Only one stretch of the records below should be repeated. It starts with the line containing "Sa conception se" and goes on through the line containing "Pojazd ma osiem", exactly as written.

(Source data)
━━━

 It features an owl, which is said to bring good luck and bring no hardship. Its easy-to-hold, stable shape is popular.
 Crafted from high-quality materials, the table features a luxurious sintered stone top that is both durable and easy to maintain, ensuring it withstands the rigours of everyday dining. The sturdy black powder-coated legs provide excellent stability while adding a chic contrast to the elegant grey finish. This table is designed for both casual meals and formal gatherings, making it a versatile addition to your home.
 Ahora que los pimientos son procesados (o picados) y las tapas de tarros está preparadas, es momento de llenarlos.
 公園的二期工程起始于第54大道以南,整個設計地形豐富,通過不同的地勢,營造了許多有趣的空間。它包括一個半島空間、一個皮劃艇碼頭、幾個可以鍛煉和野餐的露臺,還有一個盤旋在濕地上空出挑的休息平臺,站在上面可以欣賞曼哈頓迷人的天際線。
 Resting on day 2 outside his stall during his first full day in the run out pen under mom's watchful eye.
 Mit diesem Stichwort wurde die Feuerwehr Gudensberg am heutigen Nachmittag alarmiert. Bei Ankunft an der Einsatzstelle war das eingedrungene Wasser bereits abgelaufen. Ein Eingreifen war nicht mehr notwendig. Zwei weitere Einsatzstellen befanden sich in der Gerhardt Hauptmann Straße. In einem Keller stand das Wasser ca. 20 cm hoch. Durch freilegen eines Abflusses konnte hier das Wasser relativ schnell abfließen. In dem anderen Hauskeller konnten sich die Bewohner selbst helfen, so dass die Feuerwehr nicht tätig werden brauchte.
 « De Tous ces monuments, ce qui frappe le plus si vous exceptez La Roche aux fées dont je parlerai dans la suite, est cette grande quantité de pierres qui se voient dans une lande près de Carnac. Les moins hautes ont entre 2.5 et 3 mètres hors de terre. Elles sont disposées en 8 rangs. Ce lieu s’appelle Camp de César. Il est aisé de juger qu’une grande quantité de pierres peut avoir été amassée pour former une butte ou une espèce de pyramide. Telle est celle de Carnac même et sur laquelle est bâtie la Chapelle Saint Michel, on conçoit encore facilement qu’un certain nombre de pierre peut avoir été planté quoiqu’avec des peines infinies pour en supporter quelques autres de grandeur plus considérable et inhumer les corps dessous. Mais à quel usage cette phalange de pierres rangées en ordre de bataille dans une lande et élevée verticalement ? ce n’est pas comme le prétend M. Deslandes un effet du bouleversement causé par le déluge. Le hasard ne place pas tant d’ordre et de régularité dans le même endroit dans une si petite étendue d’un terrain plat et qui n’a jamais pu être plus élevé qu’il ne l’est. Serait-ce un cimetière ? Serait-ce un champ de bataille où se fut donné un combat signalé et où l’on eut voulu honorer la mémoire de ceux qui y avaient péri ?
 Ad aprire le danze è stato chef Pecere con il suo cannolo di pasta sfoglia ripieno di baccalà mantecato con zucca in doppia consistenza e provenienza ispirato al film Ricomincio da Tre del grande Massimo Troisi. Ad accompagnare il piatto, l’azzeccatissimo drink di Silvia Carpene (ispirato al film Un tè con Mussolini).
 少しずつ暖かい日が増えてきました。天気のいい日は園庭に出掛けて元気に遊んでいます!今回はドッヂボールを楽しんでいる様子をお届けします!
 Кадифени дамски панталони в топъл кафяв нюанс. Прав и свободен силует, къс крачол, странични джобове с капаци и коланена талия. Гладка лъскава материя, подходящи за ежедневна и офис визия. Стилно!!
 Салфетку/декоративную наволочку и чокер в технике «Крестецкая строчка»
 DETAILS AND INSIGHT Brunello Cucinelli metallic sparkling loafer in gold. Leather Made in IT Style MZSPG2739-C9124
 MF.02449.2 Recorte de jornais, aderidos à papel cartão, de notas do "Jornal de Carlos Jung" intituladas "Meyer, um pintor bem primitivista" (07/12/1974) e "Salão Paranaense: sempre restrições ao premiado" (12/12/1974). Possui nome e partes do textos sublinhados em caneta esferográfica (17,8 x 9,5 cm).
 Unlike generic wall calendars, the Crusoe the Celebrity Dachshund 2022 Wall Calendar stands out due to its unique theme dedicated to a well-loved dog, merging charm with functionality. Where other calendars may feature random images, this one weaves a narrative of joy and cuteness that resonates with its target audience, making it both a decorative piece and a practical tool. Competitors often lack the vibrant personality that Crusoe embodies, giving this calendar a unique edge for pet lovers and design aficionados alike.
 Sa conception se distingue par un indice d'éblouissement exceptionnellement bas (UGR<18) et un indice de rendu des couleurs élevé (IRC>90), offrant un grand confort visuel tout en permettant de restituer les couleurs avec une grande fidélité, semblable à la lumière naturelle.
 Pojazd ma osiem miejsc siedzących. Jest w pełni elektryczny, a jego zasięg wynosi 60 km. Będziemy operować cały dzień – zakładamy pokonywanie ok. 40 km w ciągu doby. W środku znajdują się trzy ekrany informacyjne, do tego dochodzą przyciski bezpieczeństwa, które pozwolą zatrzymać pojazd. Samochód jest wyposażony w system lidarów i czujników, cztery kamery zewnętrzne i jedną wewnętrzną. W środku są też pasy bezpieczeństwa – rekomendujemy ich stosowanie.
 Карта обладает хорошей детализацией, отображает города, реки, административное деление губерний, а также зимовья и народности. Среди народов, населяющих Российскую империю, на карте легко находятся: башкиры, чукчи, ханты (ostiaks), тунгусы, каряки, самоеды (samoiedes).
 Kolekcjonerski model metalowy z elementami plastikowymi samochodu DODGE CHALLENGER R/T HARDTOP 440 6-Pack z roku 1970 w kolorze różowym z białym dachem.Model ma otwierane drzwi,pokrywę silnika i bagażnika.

━━━

Written response:
 Sa conception se distingue par un indice d'éblouissement exceptionnellement bas (UGR<18) et un indice de rendu des couleurs élevé (IRC>90), offrant un grand confort visuel tout en permettant de restituer les couleurs avec une grande fidélité, semblable à la lumière naturelle.
 Pojazd ma osiem miejsc siedzących. Jest w pełni elektryczny, a jego zasięg wynosi 60 km. Będziemy operować cały dzień – zakładamy pokonywanie ok. 40 km w ciągu doby. W środku znajdują się trzy ekrany informacyjne, do tego dochodzą przyciski bezpieczeństwa, które pozwolą zatrzymać pojazd. Samochód jest wyposażony w system lidarów i czujników, cztery kamery zewnętrzne i jedną wewnętrzną. W środku są też pasy bezpieczeństwa – rekomendujemy ich stosowanie.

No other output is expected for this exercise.